▶ [GIVEN DATA]
◇ ◇ ◇ ◇

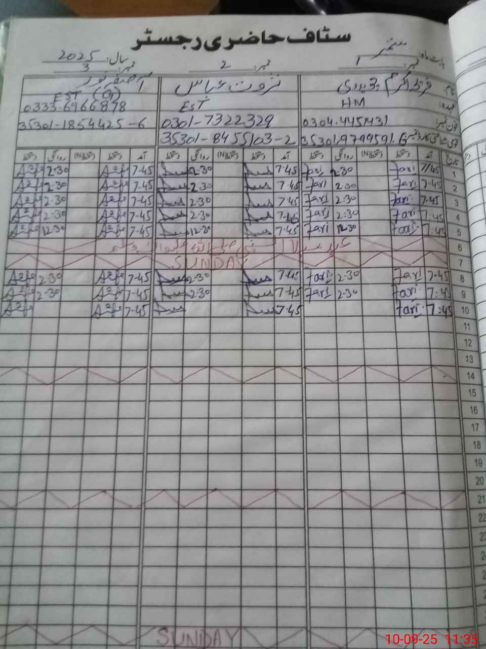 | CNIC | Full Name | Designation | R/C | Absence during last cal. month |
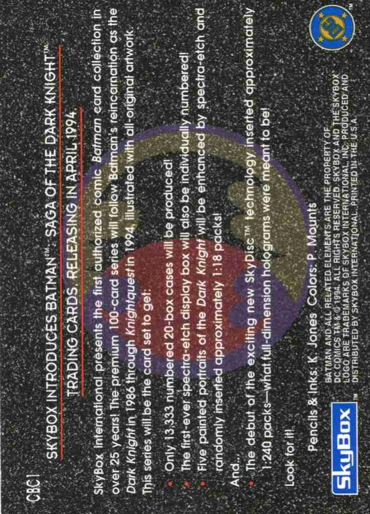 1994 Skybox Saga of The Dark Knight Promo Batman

◇ ◇ ◇ ◇

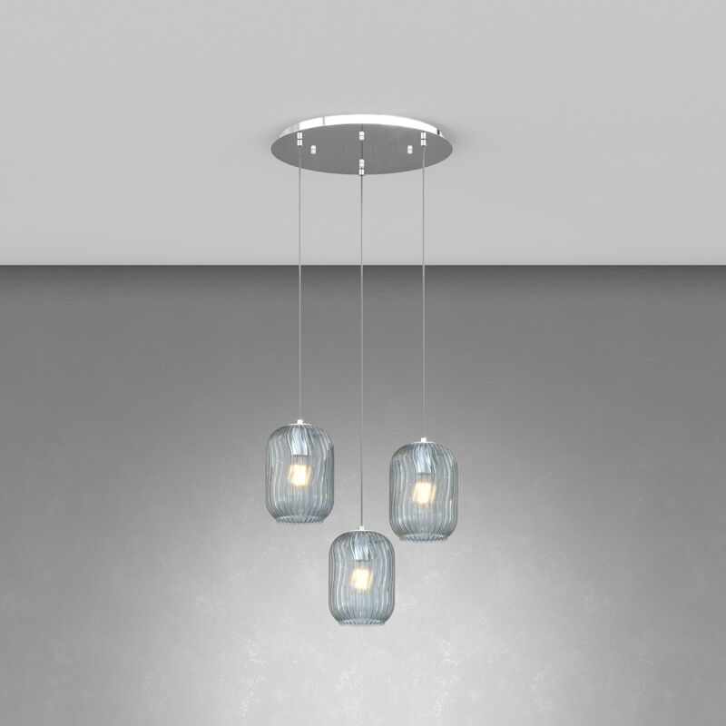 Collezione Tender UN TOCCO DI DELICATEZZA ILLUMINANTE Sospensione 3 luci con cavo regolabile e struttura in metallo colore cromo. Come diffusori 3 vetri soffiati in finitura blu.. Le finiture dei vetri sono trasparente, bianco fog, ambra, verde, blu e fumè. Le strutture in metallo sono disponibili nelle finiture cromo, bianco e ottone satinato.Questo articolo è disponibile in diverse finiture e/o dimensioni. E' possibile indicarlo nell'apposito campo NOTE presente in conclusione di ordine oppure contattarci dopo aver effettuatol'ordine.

◇ ◇ ◇ ◇

▶ [WHAT THE TASK REQUIRES] Your task is to copy only the lines above starting at the one containing "cal. month |" and ending at the one containing "1994 Skybox Saga". Copy them exactly, both ends included, and omit the pictures.

▶ [RESPONSE TO THIS TASK]
 | CNIC | Full Name | Designation | R/C | Absence during last cal. month |
 1994 Skybox Saga of The Dark Knight Promo Batman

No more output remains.